───── Records provided ─────

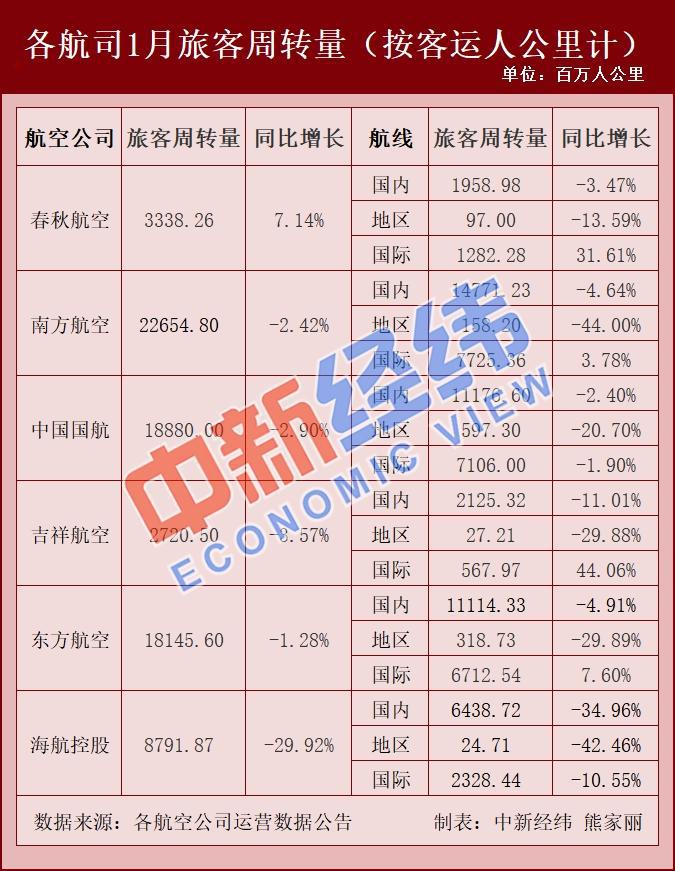 統(tǒng)計發(fā)現(xiàn),春秋航空、南方航空、吉祥航空等6家航空公司已公布2020年1月運營數(shù)據(jù)。從旅客周轉量 (按客運人公里計 )來看,與去年同期相比,1月僅春秋航空一家上漲,增7.14%,其余5家均同比下降。
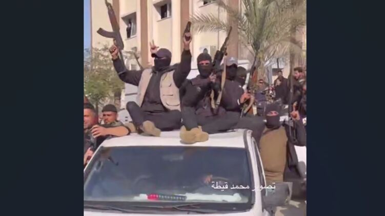 Тем временем в секторе Газа идут демонстрации в честь ХАМАС. Представители движения также присутствуют на улице с оружием в руках.
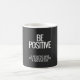 Comece todas as manhãs com o encorajamento dessa magna caneca de cerâmica, com a frase motivadora: "Seja Positivo. Uma mente negativa nunca lhe dará uma vida positiva." Seu design preto e branco minimalista adiciona estilo e positividade à sua cozinha, escritório ou espaço de trabalho. Durável, fácil de limpar, e perfeito como um presente pensativo para amigos, colegas, ou qualquer pessoa que valorize boas vibrações em cada passo.
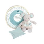 Optez pour ce doudou Souris Botanic 100% BIO. Parce que bébé mérite le meilleur, ce Doudou est confectionné en matières BIO : velours de coton bio, peluche frisée en coton bio et lange de coton bio. Présenté dans une jolie boite cadeau ronde en bois naturel, ce Doudou frais aux couleurs tendres est accessoirisé de lange de coton au motif végétal délicat. Un cadeau idéal dès la naissance.
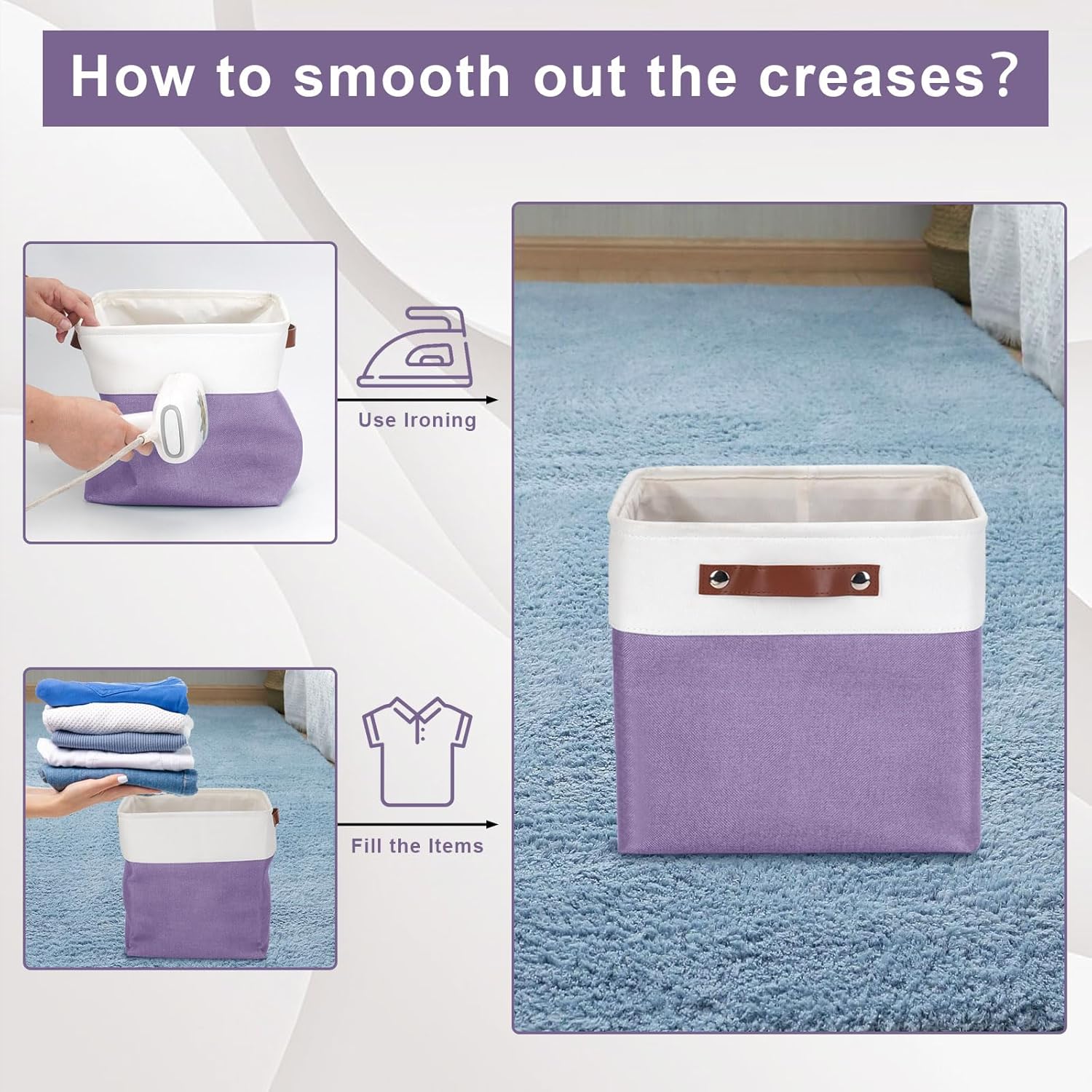 • 【Maintenance & Care Tip】 - Collapsible design for space saving. Our foldable baskets comes in a compression packing which may result in wrinkled storage bin during the long transit. Get rid of the wrinkles by either stuffing the fabric storage bins with blankets and pillows for a few days or steam iron them at low-heat setting. The organization baskets are easy to clean, you can dust the basket with a soft cloth with light soapy water when needed. Not recommended to machine wash.
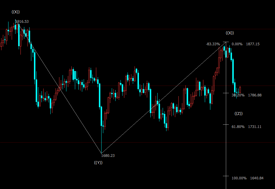 日线图上看,金价处于自1877美元开启的下行((Z))浪,已经跌破38.2%目标位1787美元,并进一步下探61.8%目标位1731美元。((Z))浪是自2075美元开启的调整IV浪的子浪。
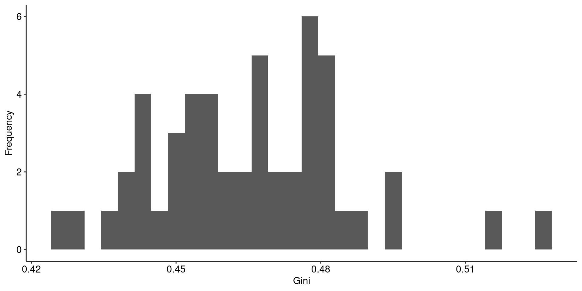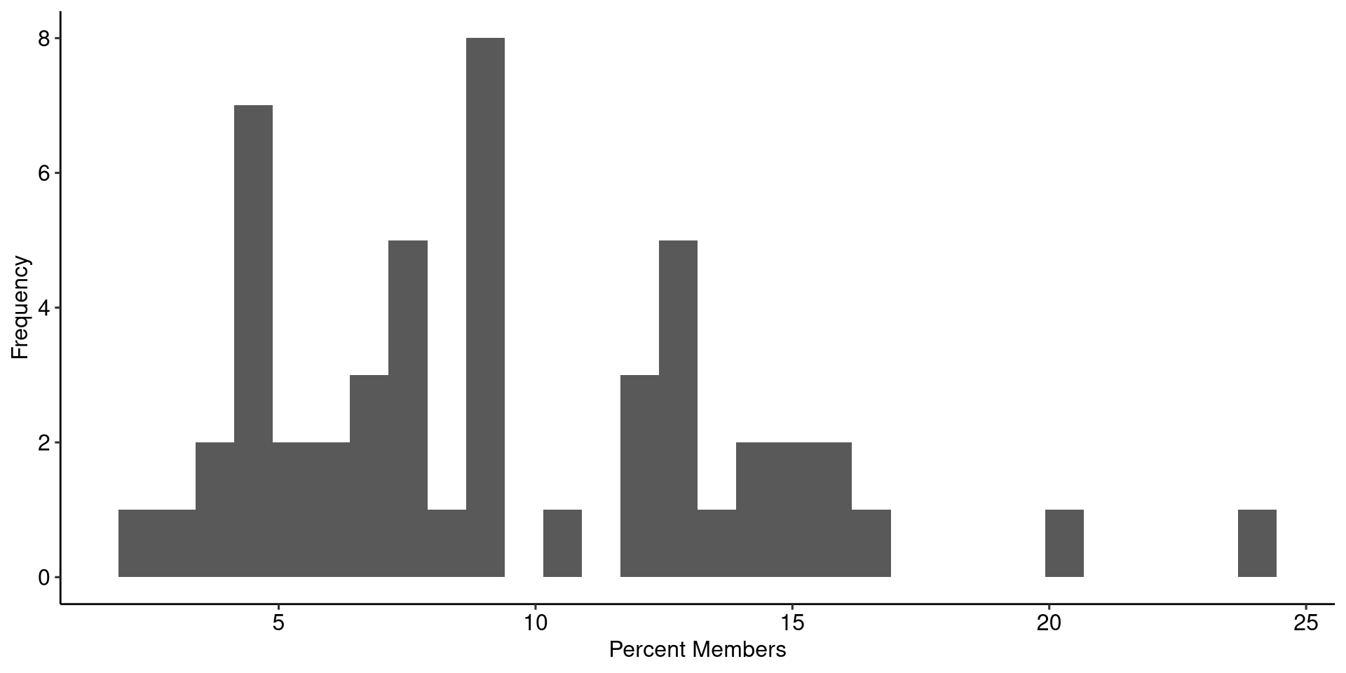 We can look then at how our inequality and membership relate to each other by plotting them and fitting a line of best fit.
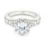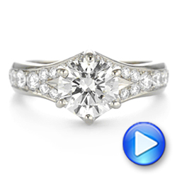 This stunning engagement ring features a round brilliant diamond center stone held in place by six trellis prongs with a small split shank and diamond accents down the sides tapering in size, all set in unplated white gold. The client started by coming into our Bellevue, WA location and trying on different styles. Then, their designer helped them narrow down and combine the different rings into one beautiful, cohesive design. Design Your Own Engagement Ring
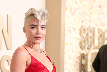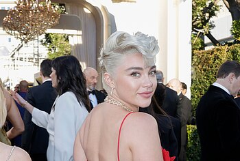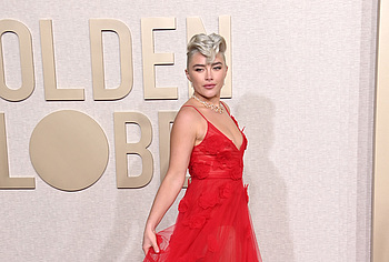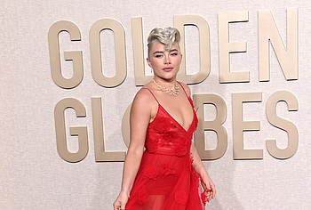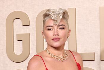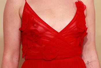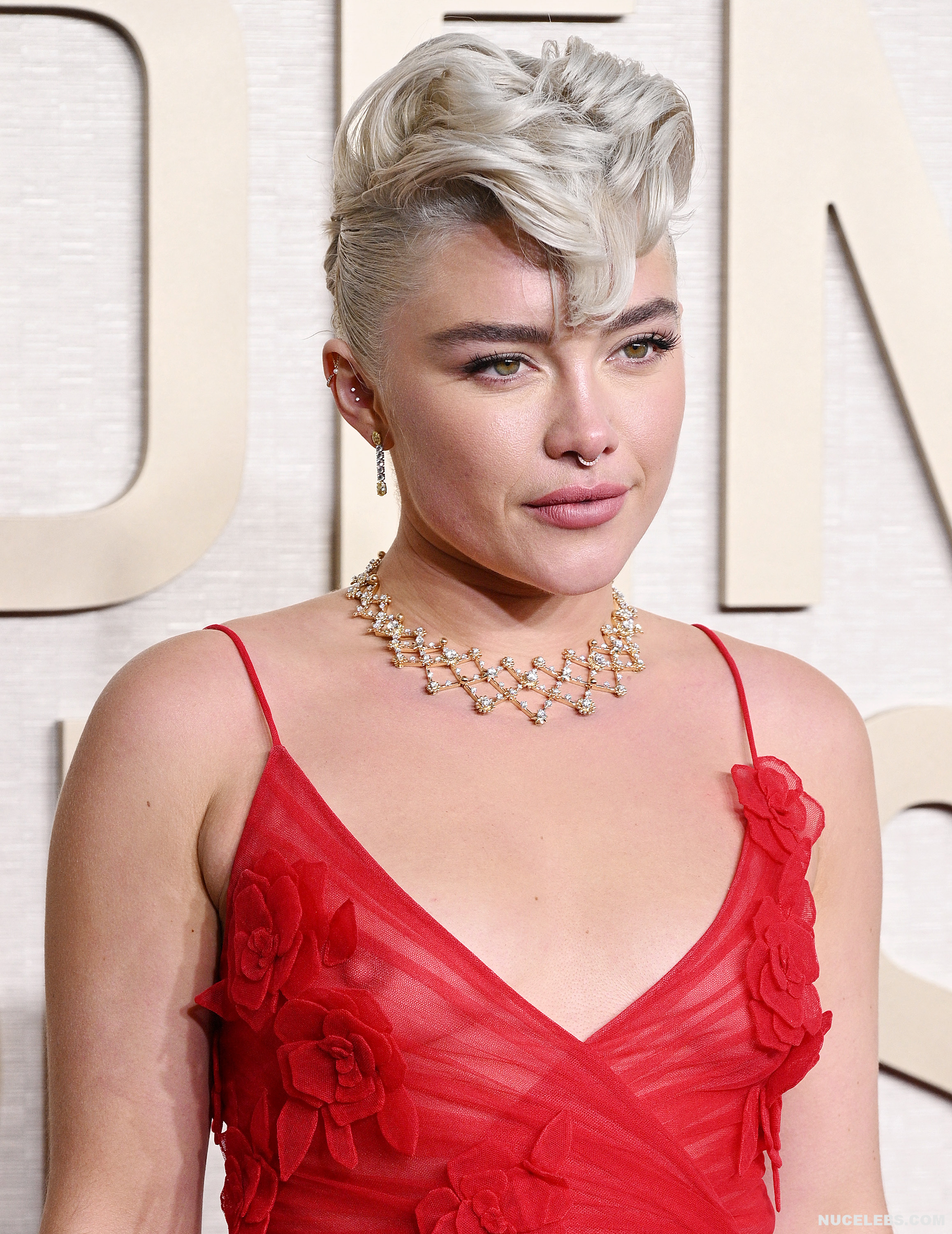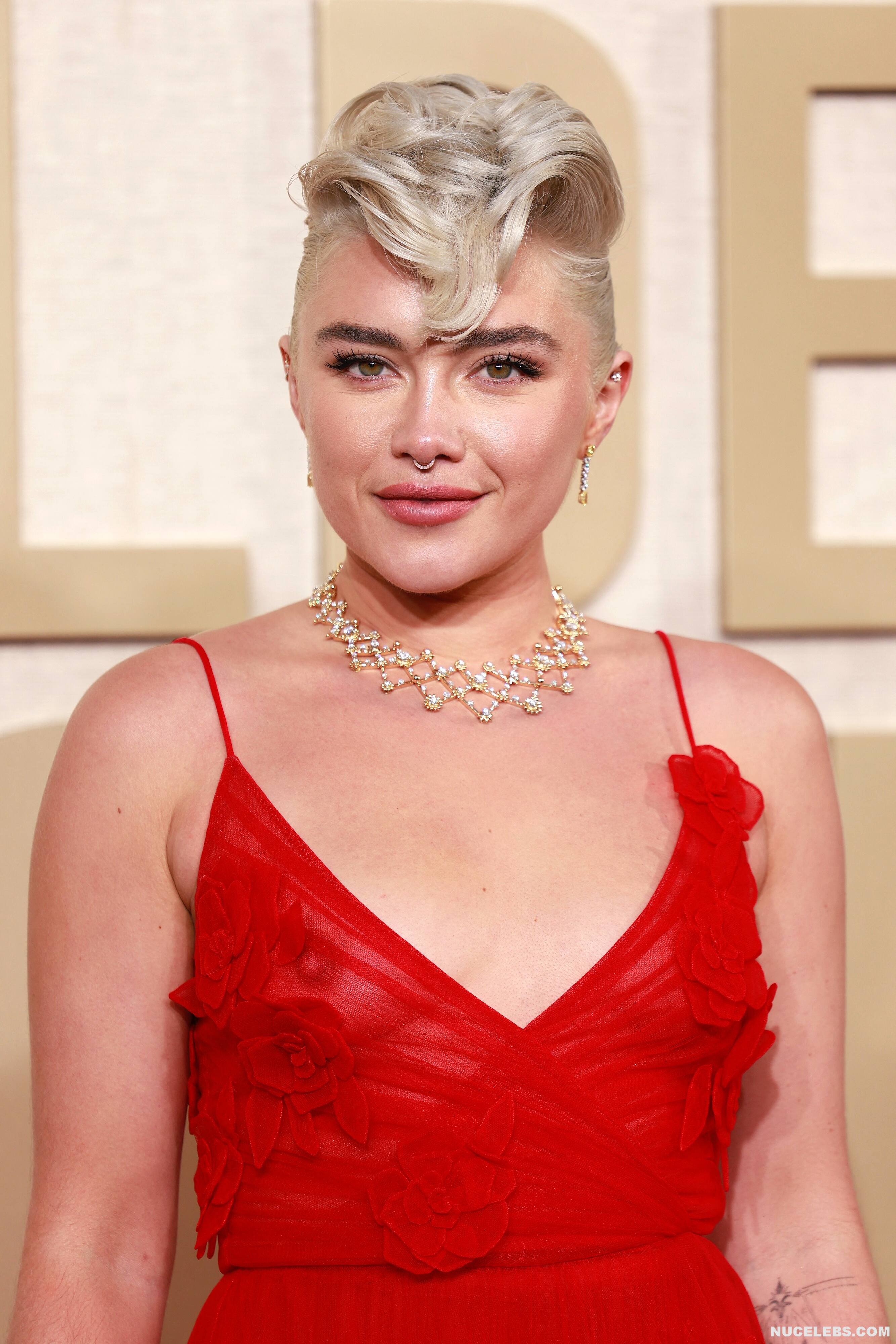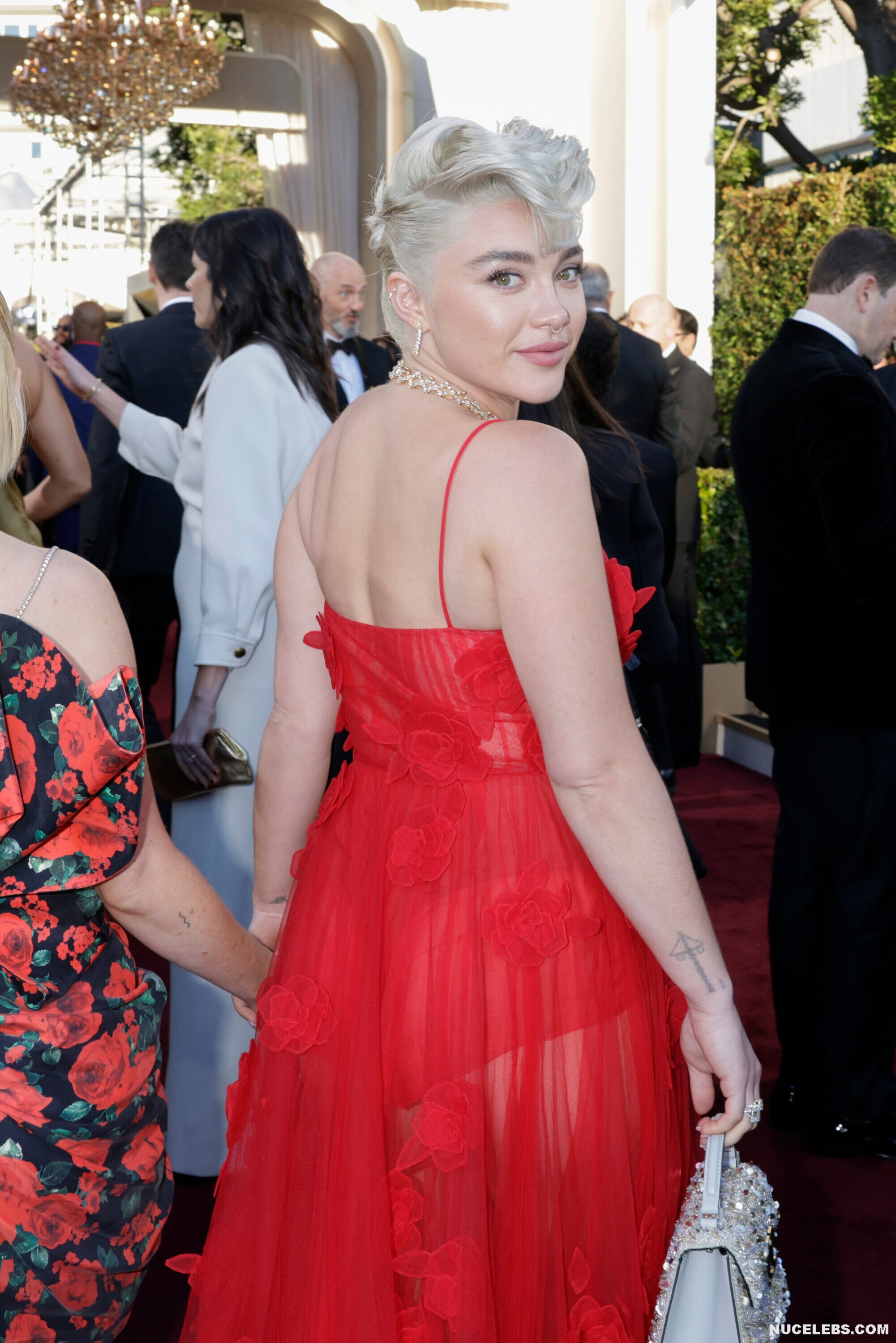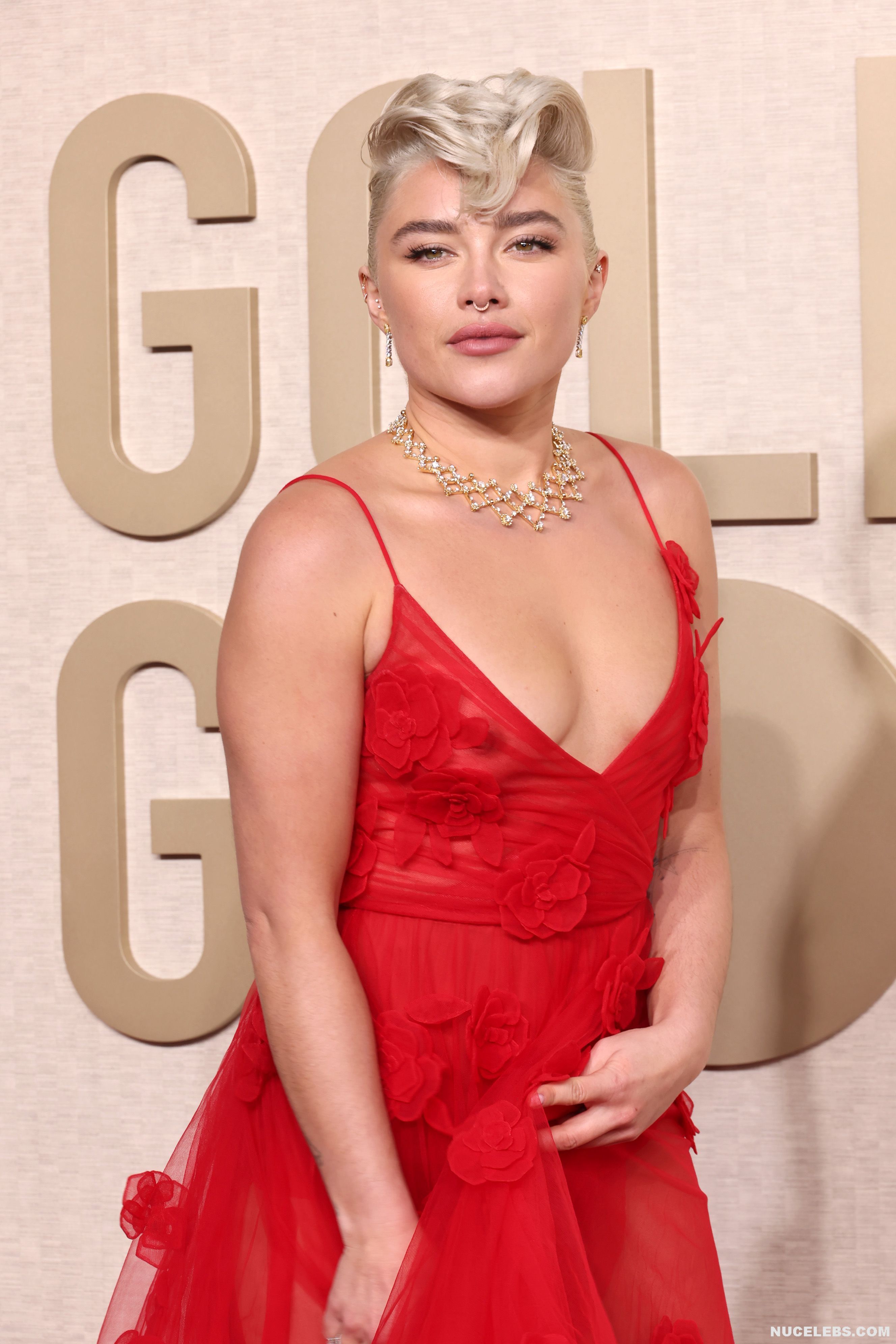 Florence Pugh flashed her nude boobies at the Golden Globe ceremony. This 28-year-old celebrity appeared there in a long red dress, decorated with rose embroidery. This time, this British actress was braless, which opened up great opportunities for the audience. After all, the transparent chiffon fabric did not hide Florence Pugh’s nude tits with brown nipples!

─────

* **What the task requires**:
The lines running from the beginning of the listing above through the line that holds "Comece todas as" are to be duplicated exactly, both ends kept, pictures omitted.

* **Answer**:
 統(tǒng)計發(fā)現(xiàn),春秋航空、南方航空、吉祥航空等6家航空公司已公布2020年1月運營數(shù)據(jù)。從旅客周轉量 (按客運人公里計 )來看,與去年同期相比,1月僅春秋航空一家上漲,增7.14%,其余5家均同比下降。
 Тем временем в секторе Газа идут демонстрации в честь ХАМАС. Представители движения также присутствуют на улице с оружием в руках.
 Comece todas as manhãs com o encorajamento dessa magna caneca de cerâmica, com a frase motivadora: "Seja Positivo. Uma mente negativa nunca lhe dará uma vida positiva." Seu design preto e branco minimalista adiciona estilo e positividade à sua cozinha, escritório ou espaço de trabalho. Durável, fácil de limpar, e perfeito como um presente pensativo para amigos, colegas, ou qualquer pessoa que valorize boas vibrações em cada passo.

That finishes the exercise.